I'll be back at HH next week, and will dine at Flora's.


----------



## Superchief (Mar 1, 2015)

Thanks to Dioxide's helpful post regarding MVC codes, I noticed that my exchange to Grand Ocean for Labor Day week is for an Oceanfront villa. This will be my first stay at this resort and I'm really looking forward to having oceanfront. I exchanged a Gold NCV week. 

Flora's restaurant sounds similar to Claudiana's, a fantastic family run restaurant near me in Polaris area of Columbus. I plan to try it and several other recommendations when I'm there. Thanks for all of your reviews and suggestions.


----------



## tschwa2 (Mar 1, 2015)

It has been mentioned before in Hilton Head, they are likely to downgrade you from Ocean front and give it to a Grande Ocean owner who is trading back into the resort.


----------



## dioxide45 (Mar 1, 2015)

Superchief said:


> Thanks to Dioxide's helpful post regarding MVC codes, I noticed that my exchange to Grand Ocean for Labor Day week is for an Oceanfront villa. This will be my first stay at this resort and I'm really looking forward to having oceanfront. I exchanged a Gold NCV week.
> 
> Flora's restaurant sounds similar to Claudiana's, a fantastic family run restaurant near me in Polaris area of Columbus. I plan to try it and several other recommendations when I'm there. Thanks for all of your reviews and suggestions.



I would expect the worst and hope for the best. If you exchanged in though II, there is a good chance that they will reassign your villa to a Garden View. The SC resorts are known to do this with pretty good regularity. Moving owners that exchanging in are bumped up and non owners are moved down. Being a Marriott owner will help, a lot depends on the number of Grande Ocean owners staying there that exchanged in to the property.


----------



## Superchief (Mar 1, 2015)

dioxide45 said:


> I would expect the worst and hope for the best. If you exchanged in though II, there is a good chance that they will reassign your villa to a Garden View. The SC resorts are known to do this with pretty good regularity. Moving owners that exchanging in are bumped up and non owners are moved down. Being a Marriott owner will help, a lot depends on the number of Grande Ocean owners staying there that exchanged in to the property.



Hopefully, being Premier Plus and now 'Chairman' level will help. I typically send an email to the inventory control manager about a month prior to my stay. Does anyone know the email for the appropriate person at GO?

Many schools start prior to Labor Day, so perhaps that will reduce the number of Oceanfront owners staying that week. I appreciate everyone's help.


----------



## Fasttr (Mar 1, 2015)

Superchief said:


> This will be my first stay at this resort and I'm really looking forward to having oceanfront.

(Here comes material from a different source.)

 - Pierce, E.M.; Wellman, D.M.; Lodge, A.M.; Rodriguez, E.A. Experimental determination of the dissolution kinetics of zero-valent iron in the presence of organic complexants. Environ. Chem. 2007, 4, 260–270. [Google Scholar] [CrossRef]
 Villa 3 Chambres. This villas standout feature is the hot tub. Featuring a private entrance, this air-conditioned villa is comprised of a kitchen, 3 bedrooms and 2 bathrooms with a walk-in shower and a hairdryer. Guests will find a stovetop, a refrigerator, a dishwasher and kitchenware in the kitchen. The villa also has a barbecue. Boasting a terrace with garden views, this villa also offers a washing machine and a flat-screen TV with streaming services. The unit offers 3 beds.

Just to manage your GO OF expectations, since you say its your first stay, OF at GO really means an OF villa will be "near the ocean", not necessarily direct OF as it does at most other resorts.


----------



## Superchief (Mar 1, 2015)

Fasttr said:


> Just to manage your GO OF expectations, since you say its your first stay, OF at GO really means an OF villa will be "near the ocean", not necessarily direct OF as it does at most other resorts.



This is also the situation at Ocean Point. A high floor ocean view villa has a better view of the ocean than a low floor Oceanfront which is blocked by trees. I just hope to be able to see the ocean and hear the waves from my balcony.


----------



## NTP66 (Mar 1, 2015)

At Grande Ocean, Garden View (especially from the Dolphin building side) is a lot nicer than ocean view, IMO. That's more because of the fact that the Atlantic is just meh to look at until you get to Florida.


----------



## Superchief (Mar 1, 2015)

dioxide45 said:


> I would expect the worst and hope for the best. If you exchanged in though II, there is a good chance that they will reassign your villa to a Garden View. The SC resorts are known to do this with pretty good regularity. Moving owners that exchanging in are bumped up and non owners are moved down. Being a Marriott owner will help, a lot depends on the number of Grande Ocean owners staying there that exchanged in to the property.

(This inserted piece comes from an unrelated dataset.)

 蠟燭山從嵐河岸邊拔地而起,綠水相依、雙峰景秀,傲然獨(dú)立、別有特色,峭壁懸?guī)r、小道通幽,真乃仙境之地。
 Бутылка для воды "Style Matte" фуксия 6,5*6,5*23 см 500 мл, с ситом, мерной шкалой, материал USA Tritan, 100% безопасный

I'm curious whether owners who don't own OF also get upgraded to OF when exchanging through II? This would mean they have a better chance of an OF room when they exchange than when they use their owned week. I have never been upgraded to a higher view when using owned week or DC points since I started my MVC thousands of years ago (or when Royal Palms opened).


----------



## tschwa2 (Mar 1, 2015)

I believe HHi owners staying at their own resort through II exchange have priority for the best available views regardless of what type of view they own, with multiweek owners exchanging in for multiple consecutive weeks have the highest priority.  In general you don't get upgraded in view when using your home week although you have priority for the best better views in that category over exchangers.


----------



## Superchief (Mar 1, 2015)

tschwa2 said:


> I believe HHi owners staying at their own resort through II exchange have priority for the best available views regardless of what type of view they own, with multiweek owners exchanging in for multiple consecutive weeks have the highest priority.  In general you don't get upgraded in view when using your home week although you have priority for the best better views in that category over exchangers.



This is inconsistent with what I have been told at MVC resorts in the past. Are you saying that an owner of a lower view level will be upgraded to OF during their owned week if an exchanger is using a week that had be deposited by an OF owner? Have any Grand Ocean owners ever been upgraded to a higher view level when using an owned week? 

I've always been told that you cannot be upgraded to a higher view level when you are using your owned week, and I have been staying at MVC resorts as an owner since the 80's. This would be new to me. I understand that owners have priority for villa assignment within the view level, but not to a higher view level.


----------



## BocaBoy (Mar 2, 2015)

Superchief said:


> This is inconsistent with what I have been told at MVC resorts in the past. Are you saying that an owner of a lower view level will be upgraded to OF during their owned week if an exchanger is using a week that had be deposited by an OF owner? Have any Grand Ocean owners ever been upgraded to a higher view level when using an owned week?
> 
> I've always been told that you cannot be upgraded to a higher view level when you are using your owned week, and I have been staying at MVC resorts as an owner since the 80's. This would be new to me. I understand that owners have priority for villa assignment within the view level, but not to a higher view level.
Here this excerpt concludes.